Bombardment: Annie and Flo’s place in town’s history

IN FOCUS: Mark Simmons, the Hartlepool museums manager
IN FOCUS: Mark Simmons, the Hartlepool museums manager

HARTLEPOOL was suddenly in the media spotlight after the German attack which left scores of people dead. But what was our town like in 1914?

A huge range of occupations abounded in Hartlepool in the early 1900s - and it had huge implications on the ranks that men signed up for when they went to war.

Hartlepool Museums manager Mark Simmons

Hartlepool Museums manager Mark Simmons

In some of the areas worst affected by the Bombardment, there was evidence that Hartlepool was a rich source of work.

In Northgate for example, residents held down jobs including piano selling, draper, tobacconist, building society secretary, confectioner and watch maker.

And in the home of the Kay sisters - in Cliff Terrace - one held down a very important job.
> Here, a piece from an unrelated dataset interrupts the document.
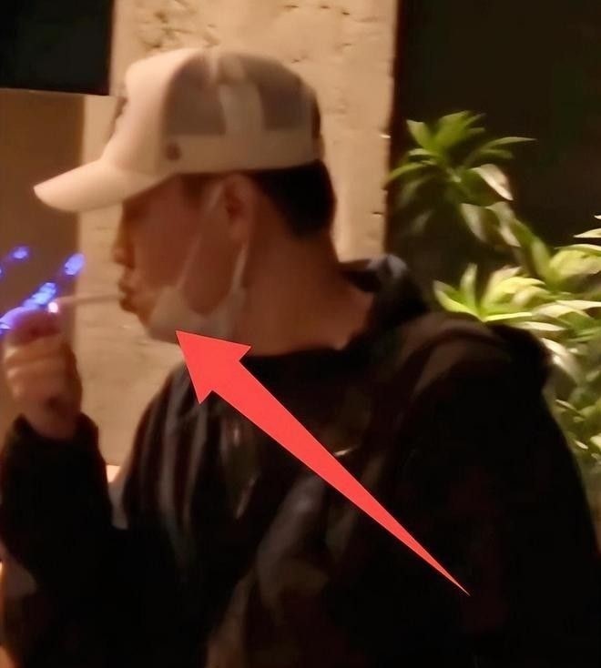 值得注意的是,尽管他刻意压低帽檐遮挡面部,但仍能清晰看到他在餐厅外持续抽烟的身影。

Florence Kay, 32, ran a warehouse for baby linen which was a vital trade in the days before disposable nappies.

The names of Annie, 34, and Florence Kay are written into the Hartlepool history books. One of the first shots fired at the Hartlepools hit their home and killed them.

The fact that Florence ran a successful business was one example of the variety of employment in the town.

Hartlepool museums manager Mark Simmons said: “The population of the borough was something like 68,000 but the number of people coming in and out of Hartlepool was 10,000 to 20,000.

“People were travelling in to work in the shipyards.

At the time, Gray and Co offered really good wages and workers, particularly from Scotland during the 1880s onwards, came in.

“Grays was known for winning the blue riband for six years. It was awarded to the shipyard with the highest production.”

Yet even the best paid worker would have found it difficult to rise through the ranks once they were called up for service.

People could only become guard officers if they could afford the £500 cost of uniform and equipment which had to be paid for by the individual, said Mr Simmons.

“It is why ordinary men did not get to become officers,” said Mr Simmons.

Even skilled workers would probably not have earned enough to reach that rank.

“It was a strongly divided society,” said Mark.

A trained professional would earn around £50 a year but a doctor around £500.

It meant the rank and affordability of officer status in the Army went to a chosen few.